▶ **Your instructions**
Starting with the line that has "- Navigate to" and finishing with the line that has "Foxxy in Red", set down each line below exactly. Pictures are not copied.

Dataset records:
• • • • •
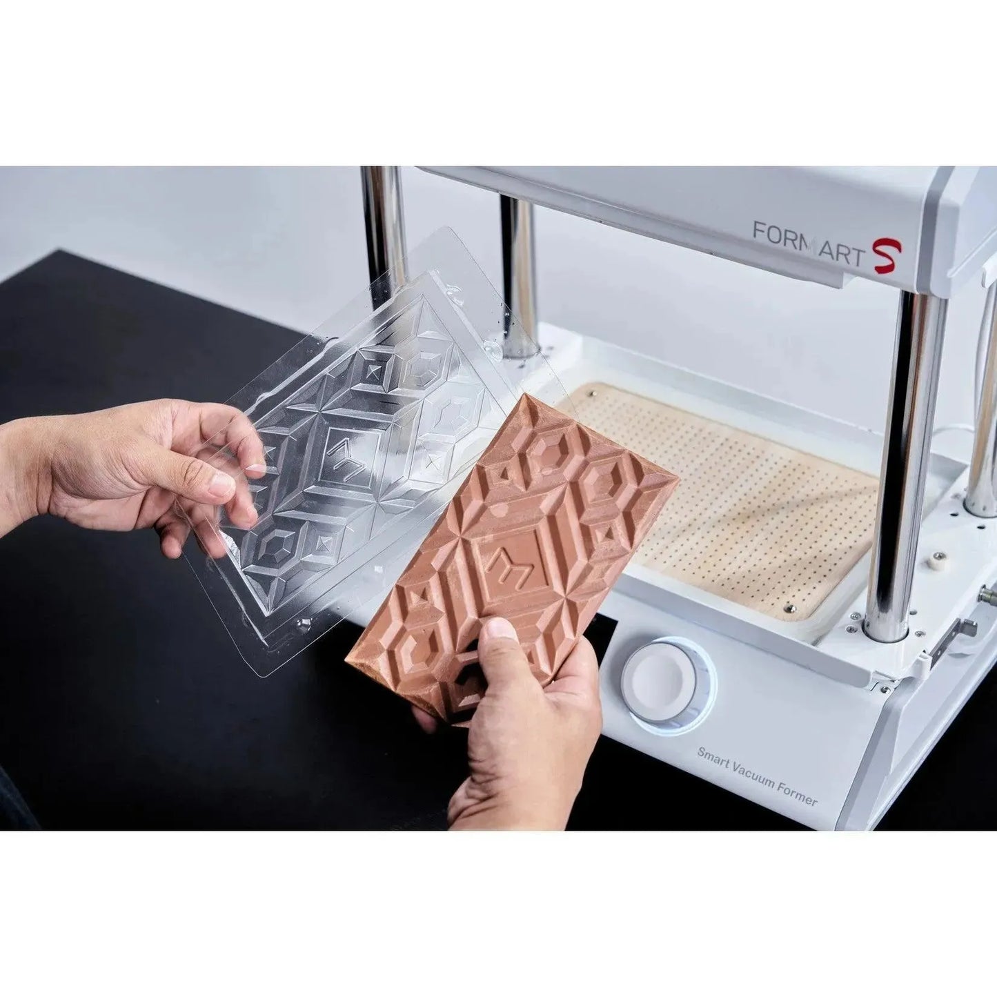 Il PET (polietilene tereftalato) è stato realizzato con l'80% di bottiglie in PET riciclato, ha un'elevata trasparenza e resistenza agli urti, particolarmente adatto per stampi per cioccolato o altre applicazioni che richiedono elevata trasparenza ed elevata resistenza agli urti.
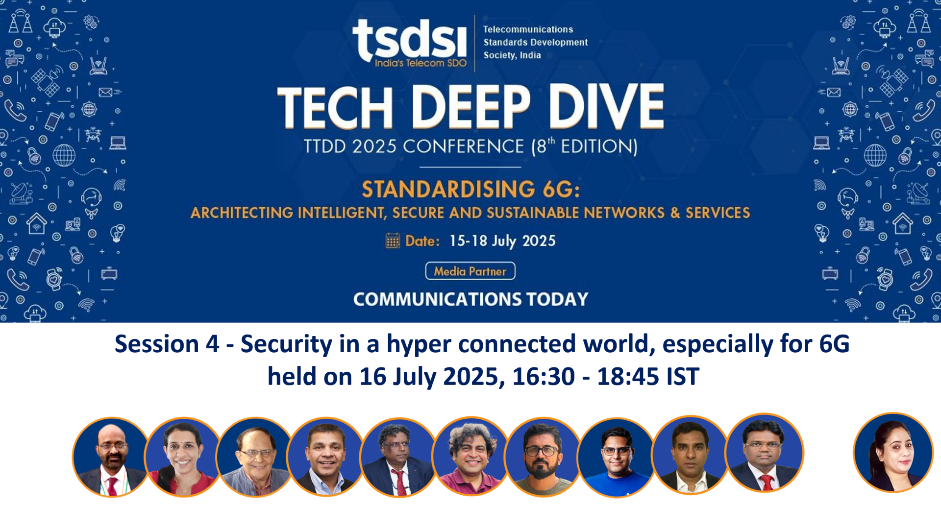 Dr. T R Reshmi (Scientist, SETS), together with Mr. G. Narendra Nath (NSCS), co-chaired TSDSI Tech Deep Dive 2025 – Session 4: “Security in a Hyper Connected World, especially for 6G.” Experts discussed quantum safe cryptography, blockchain for decentralized identity and spectrum allocation, AI driven real time threat detection, and edge privacy in future 6G networks.
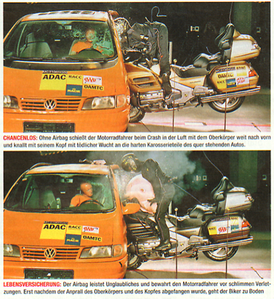 · vier Beschleunigungssensoren, die jeweils rechts und links an der Vorderradgabel sitzen und die die Aufprallverzögerung in Fahrtrichtung erkennen
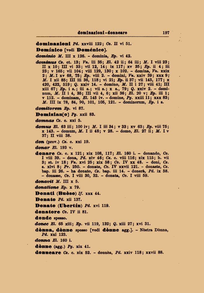dominila Ce. et. 13; Vn. iii 35; El. 42 ii; 64 iii; M. I viii 23; II x 10; m vi 33; vii 12, 14; ix 117; xv 35; Ep. ii 4; iii 23; v 165; vii 104; viii 129, 130; x 102. - domina, Vn. xxix 2 ; M. I xv 68, 75 ; Ep. viii 2. - domini, Vn. xxiv 39 ; xxx 9 ; M. I xii 85; HI iii 36, 118; vi 21; Ep. ii 37; vii 145, 177; x 420, 422, 519; Q. xxiv 14. - domino, M. II i 27; viii 41; m xiii 67; Ep. i s. ; iii s. ; vii s. ; x s., 79; Q. xxiv 2. - domi-num, M. U i 4, 35; III vii 4, 6; xii 36; El. 20 v; Ep. iii 1; v 112. - dominano, El. 145 iv. - domine, Pg. xxiii 11; xxx 83; M. IH ix 78, 84, 90, 101, 105, 121. - dominorum, Ep. i s.
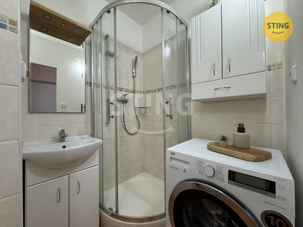 Byt je po částečné renovaci – zděná koupelna se sprchovým koutem a WC,
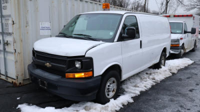 2017 Chevrolet Express G2500 cargo van with a 6.0L V8 OHV 16V FFV engine. VIN: 1GCZGGFG2H1110361. Odometer reading: 41758. Body: Full-size cargo van with rear swing doors and solid side panels. Equipped with interior metal shelving, drawer storage, and a Tripp Lite PowerVerter 3000-watt inverter mounted in the cargo area. Exterior features include steel wheels, black front bumper, and roof-mounted amber beacon. Interior includes analog gauge cluster, factory radio, HVAC controls, center console storage, and rubber floor covering. Seller reports: Rusty, Body damage, runs and drives, title and key available. Must be towed.
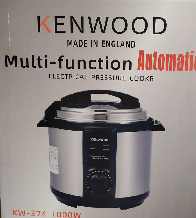 زودپز برقی کنوود مدل Kw-374 با توان 1000 وات امکان پخت انواع غذاها را در سریع ترین زمان ممکن فراهم می کند. جنس بدنه زودپز استیل ضد زنگ بوده که علاوه بر این که بر زیبایی ظاهری دستگاه افزوده است بسیار مقاوم و محکم می باشد و هم چنین به راحتی قابل تمیز شدن می باشد. ظرفیت 6 لیتری زودپر مناسب برای تهیه غذا برای 5 تا 8 نفر می باشد. زودپز جی پاس مجهز به دیگ پخت با روکش نچسب و با داوم می باشد که غذا به آن نمی چسبد و به راحتی می توان آن را شستشو نمود. این دیگ قابل جدا شدن از بدنه بوده و قابل شستشو در ماشین ظرفشویی نیز می باشد. با استفاده از دستگیره های عایق گرمای زودپز می توان آن را به سهولت جابجا نمود. با استفاده از دریچه خروج هوا که بر روی درب زودپز قرار دارد می توان میزان فشار داخل دیگ را تنظیم نمود. دکمه روشن/ خاموش دستگاه در قسمت پائینی بدنه واقع است که با زدن این دکمه زودپز روشن می شود. زودپز جی پاس مجهز به تایمر 60 دقیقه ای جهت حفظ فشار داخلی دیگ می باشد که با تنظیم آن می توان مدت زمان حفظ فشار داخل دیگ را تعیین نمود. جهت پخت غذا با زودپز برقی جی پاس ابتدا دو شاخه را به پریز برق بزنید. سپس کلید را در وضعیت روشن قرار دهید. در این حالت نشان گر power روشن می شود. دکمه انتخاب گر فشار را در جهت عقربه ساعت بپیچانید و مدت زمان حفظ فشار مورد نظر را انتخاب کنید. نشان گر دماHeating روشن می شود. زودپز شروع به گرم شدن کرده و فشار داخل آن بالا می رود. همزمان با بالا رفتن دمای داخل زودپز سوپاپ ایمنی درب بالا آمده و درب زود پز قفل میگردد و تا خالی نشدن کامل بخار درب آن باز نمی شود. وقتی مدت زمان حفظ فشار به اتمام رسید زودپز به صورت خودکار به حالت گرم نگه داشتنkeep warm می رود. نشان گر گرم نگه داشتن روشن می شود. حال می توانید تنظیم کننده فشار را بچرخانید و در وضعیت تخلیهvent قرار دهید. زودپز شروع به تخلیه فشار می کند. وقتی فشار به اندازه کافی خارج شد زودپز دیگر سوت نمی زند. دسته درب زودپز را نگه داشته و آن را در خلاف جهت عقربه ساعت بچرخانید تا درب ثابت شود و دیگر حرکت نکند، سپس درب را بردارید. این زود پز طعم طبیعی غذا را حفظ کرده مانع هدر رفتن ویتامین های موحود در غذا می شود.
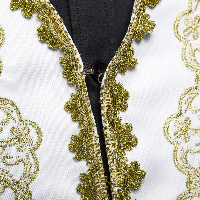 Стильный жилет в стиле барокко с золотой вышивкой, мужской облегающ...
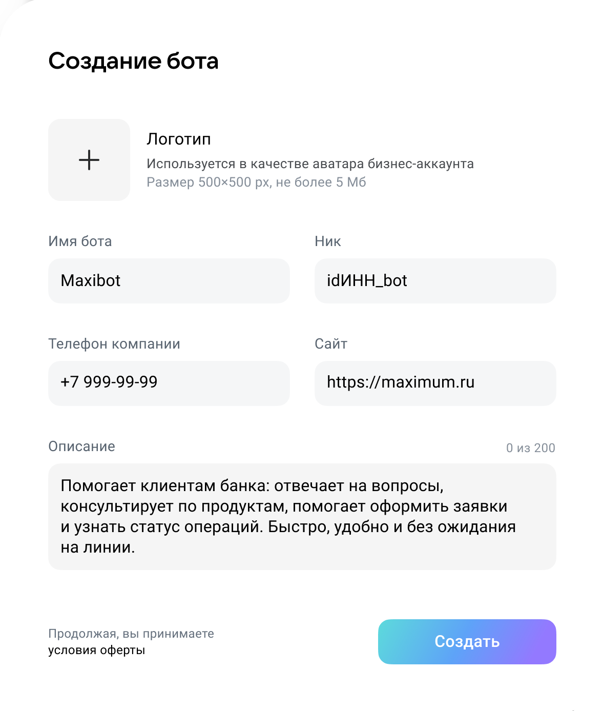 Нажмите Создать. Чат-бот будет отправлен на модерацию.
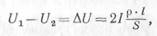 Потеря напряжения равна току, протекающему по проводам линии, умноженному на сопротивление проводов:
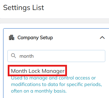 - Navigate to Settings → Company Setup → Search "Month Lock Manager"
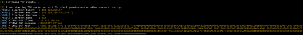 Después de unos instantes, recibimos el hash NTLMv2del usuario SECURITY-PC\sam.
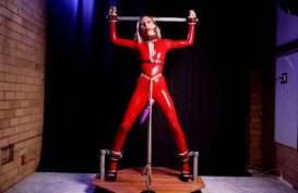 Foxxy in Red Latex Vibed on the Bondage Stand, Showsomerestraint
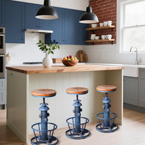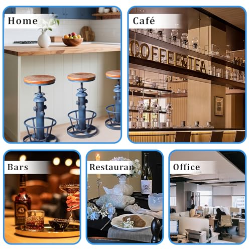 Topower Aged Steampunk Deco Industrial Round Bottom Adjustable Height Cafe Coffee Retro Vintage Fire Hydrant Design Pub Kitchen Counter Bar Stool (Antique Blue, Wooden Top)
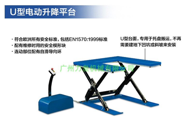 ▲ U型臺(tái)面,重型設(shè)計(jì)帶超長臺(tái)面,專用于托盤搬運(yùn),超低型臺(tái)面,不再需要建地下凹坑來安裝;
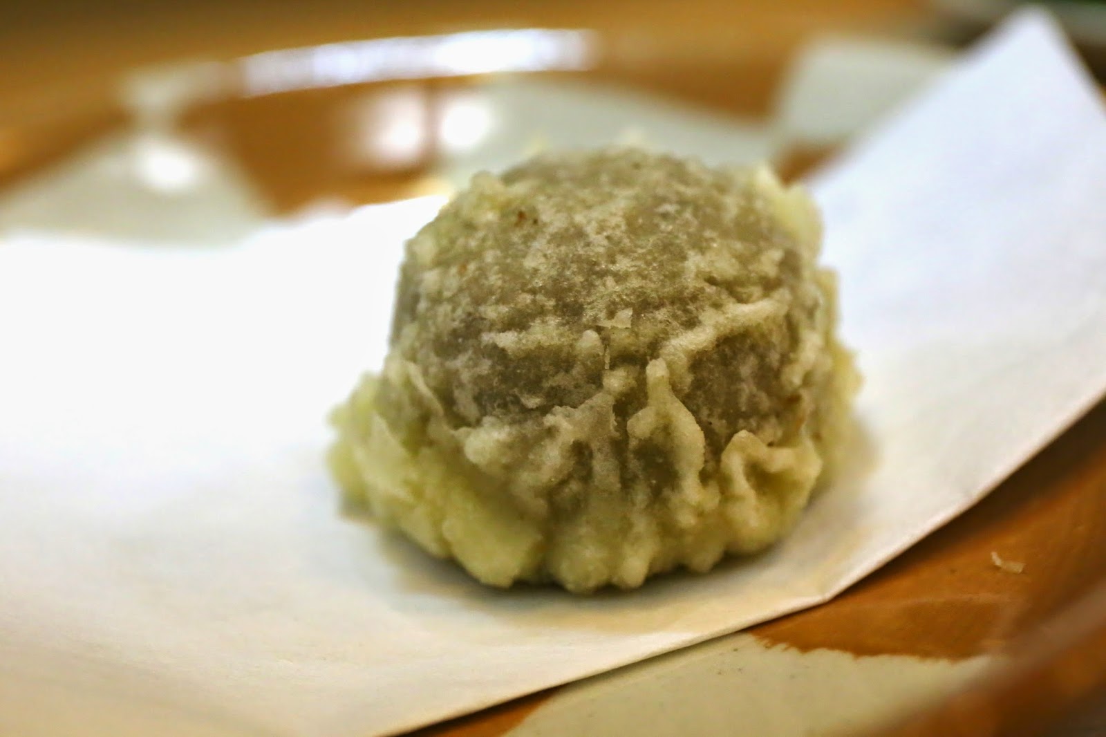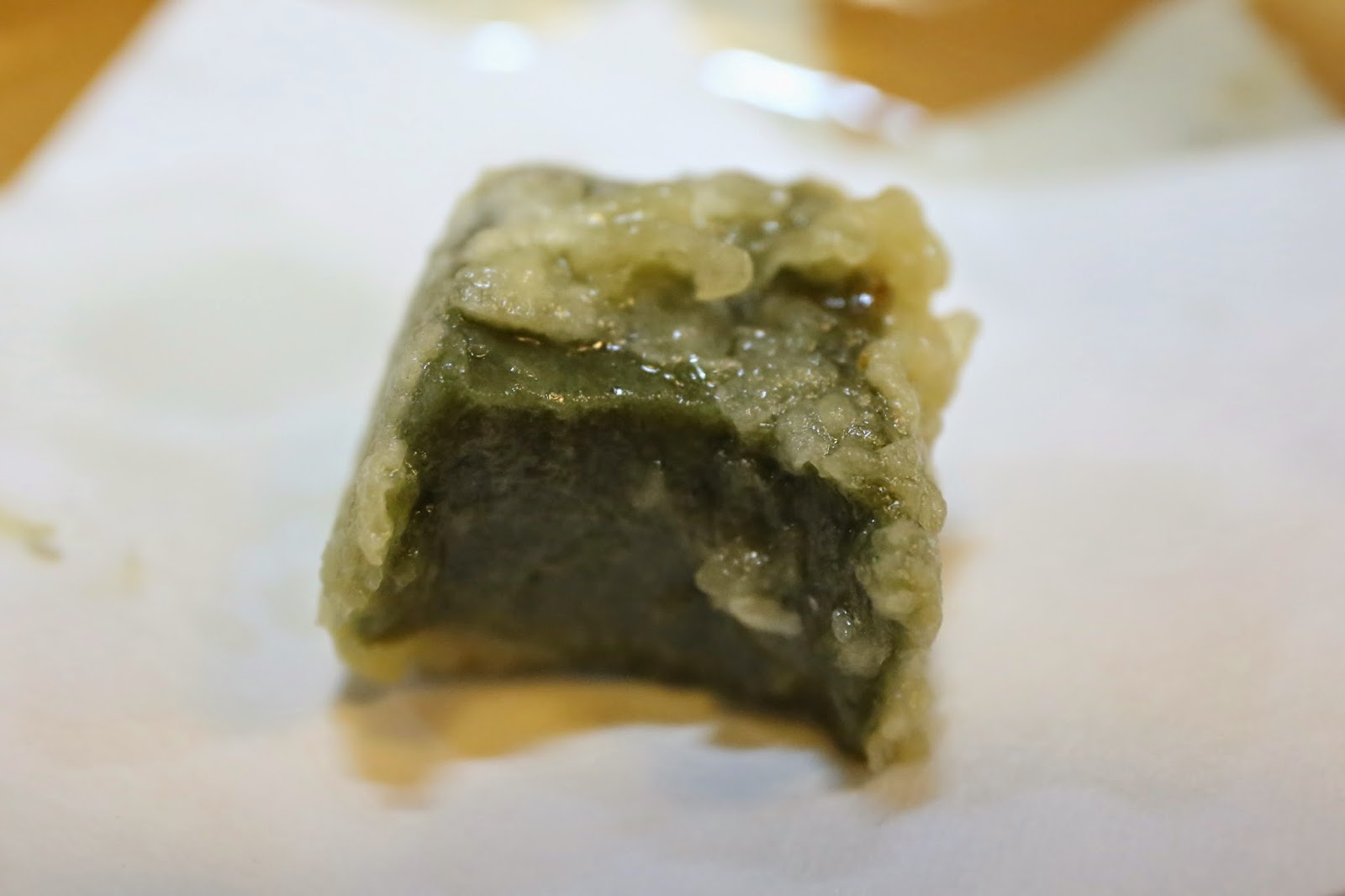 Mugwort gluten (蓬の生麩) - from Kyoto. This was very nice.
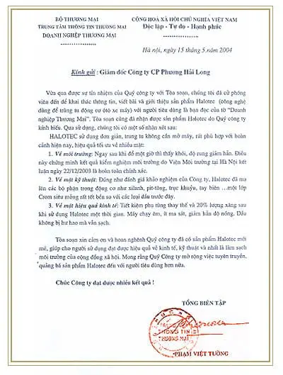 BẰNG KHEN HALOTEC SẢN PHẨM CHẤT LƯỢNG
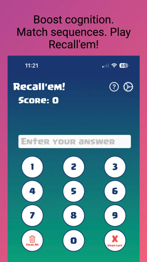 Whether you're looking to enhance your memory prowess or simply seeking an enjoyable mental challenge, Recall'em is the perfect game for you. Sharpen your memory, challenge your friends, and see who can conquer the art of remembering number sequences. Get ready to embark on an exciting journey of memory mastery with Recall'em Number Challenge!
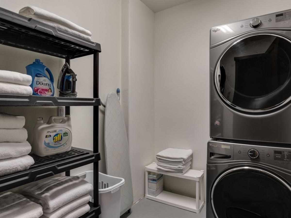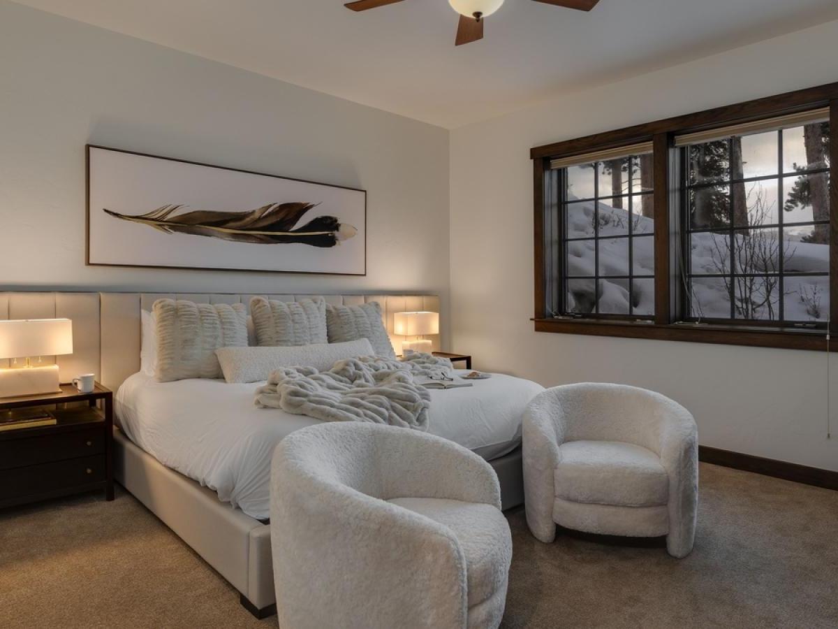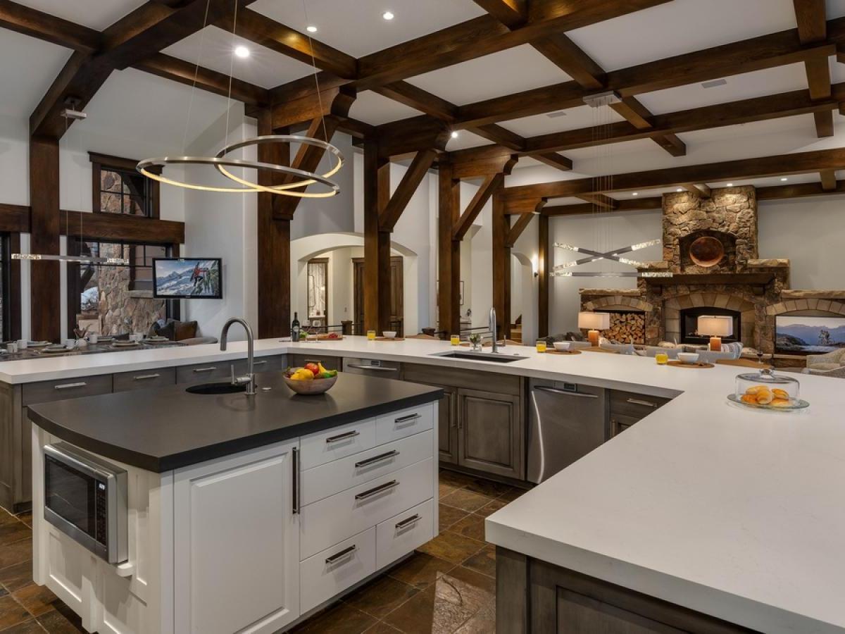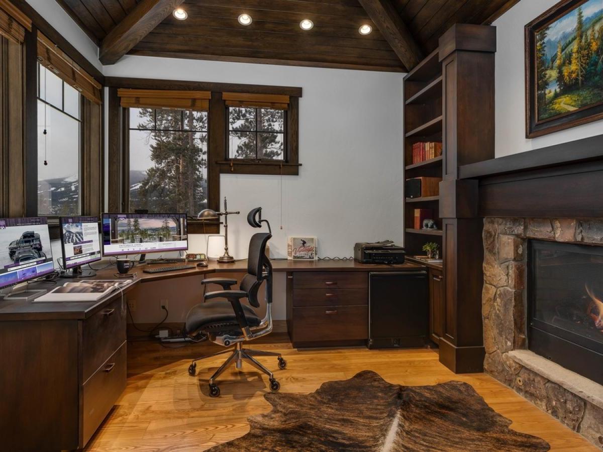 Seating 12 guests, a large dining table sits between the living room and kitchen's U-shaped breakfast bar providing 4 additional seats. Chefs in the group will love the kitchen with its dual sinks, high-end appliances, custom cabinetry, abundant counter space and built-in breakfast nook with seating for 6 guests. For the workhorses in the group, the upper level office, accessed by a private staircase off the living room, offers a well-appointed work area featuring a gas fireplace. Additionally, there are five other workstations around the house with high-speed WIFI, creating the ideal work environment for remote workers.
• • • • •
▶ **Answer for this exercise**
 - Navigate to Settings → Company Setup → Search "Month Lock Manager"
 Después de unos instantes, recibimos el hash NTLMv2del usuario SECURITY-PC\sam.
 Foxxy in Red Latex Vibed on the Bondage Stand, Showsomerestraint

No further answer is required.